Instructions for the task:
Without the pictures, copy the entries below word for word.

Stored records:
'''

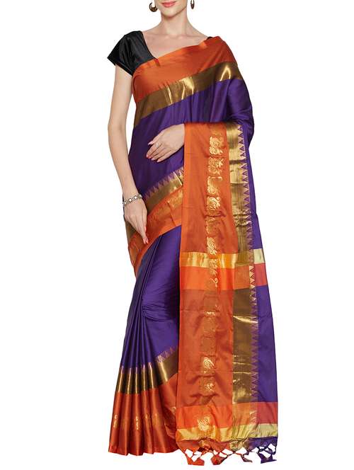 - » purple cotton silk handloom saree with blouse
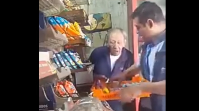 Mientras acomoda el producto en los anaqueles, el sujeto toma unos paquetes y los guarda entre su ropa, aprovechando que el anciano se dirige hacia la parte trasera del mostrador. Durante el video, el repartido le insiste que le está dando un descuento “por tratarse de usted, por ser cliente distintivo”.
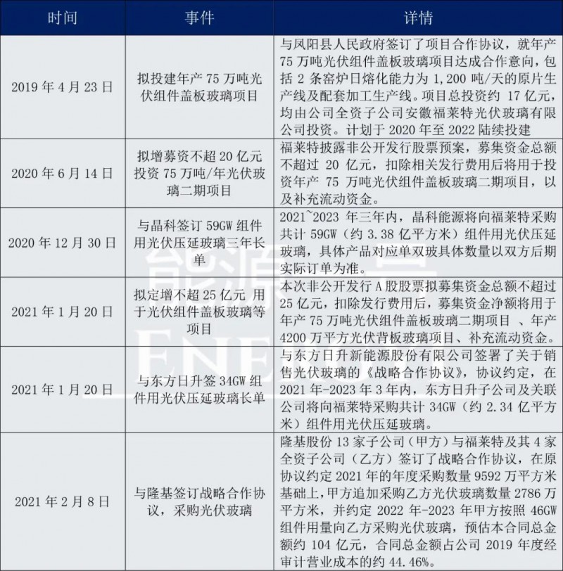 去年12月,它與晶科能源簽訂了59GW的組件用光伏壓延玻璃三年長單;今年1月和2月,福萊特再度分別與東方日升、隆基股份再簽大額長單,預計總計規模在200多億到300億左右。
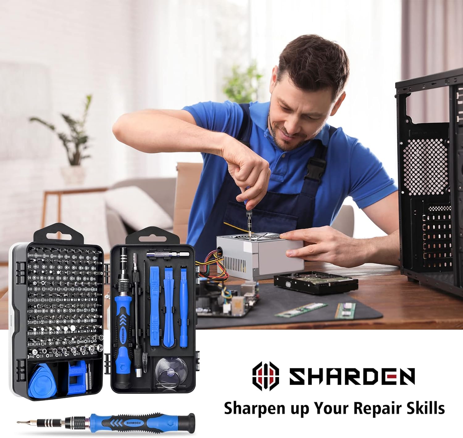- Multifunktionaler Werkzeugsatz: Der SHARDEN professionelle mini schraubenzieher set enthält 101 Bits mit 4 mm Durchmesser (Torx, Phillips, Geschlitzt, Dreikant, Sechskant usw.) sowie 21 weitere Gadgets, darunter harte und weiche Verlängerungen,
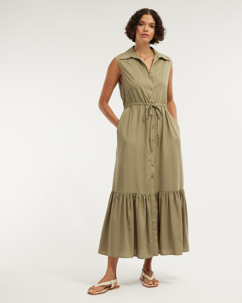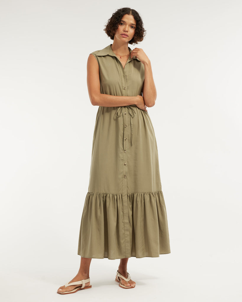 Kate Buttoned Maxi Dress - Olive
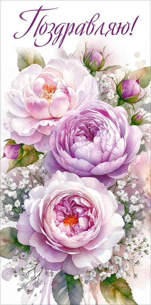 Конверт для денег "Поздравляю!" (розово-сиреневые розы)
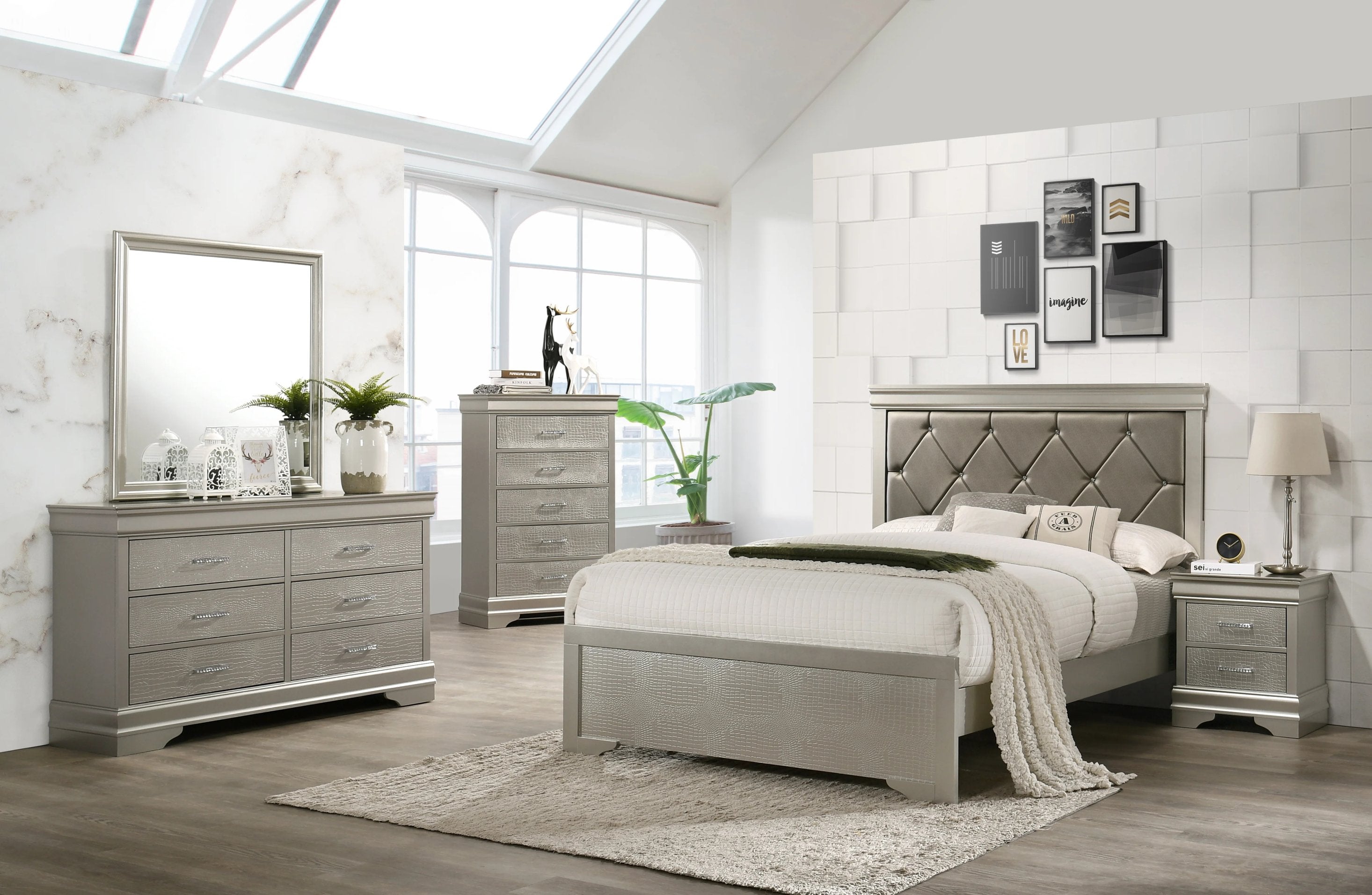 - Design: Modern glam styling with champagne finish, crystal-like diamond tufting, and crocodile-texture accents for a luxurious look

'''

Exercise result:
 - » purple cotton silk handloom saree with blouse
 Mientras acomoda el producto en los anaqueles, el sujeto toma unos paquetes y los guarda entre su ropa, aprovechando que el anciano se dirige hacia la parte trasera del mostrador. Durante el video, el repartido le insiste que le está dando un descuento “por tratarse de usted, por ser cliente distintivo”.
 去年12月,它與晶科能源簽訂了59GW的組件用光伏壓延玻璃三年長單;今年1月和2月,福萊特再度分別與東方日升、隆基股份再簽大額長單,預計總計規模在200多億到300億左右。
- Multifunktionaler Werkzeugsatz: Der SHARDEN professionelle mini schraubenzieher set enthält 101 Bits mit 4 mm Durchmesser (Torx, Phillips, Geschlitzt, Dreikant, Sechskant usw.) sowie 21 weitere Gadgets, darunter harte und weiche Verlängerungen,
 Kate Buttoned Maxi Dress - Olive
 Конверт для денег "Поздравляю!" (розово-сиреневые розы)
 - Design: Modern glam styling with champagne finish, crystal-like diamond tufting, and crocodile-texture accents for a luxurious look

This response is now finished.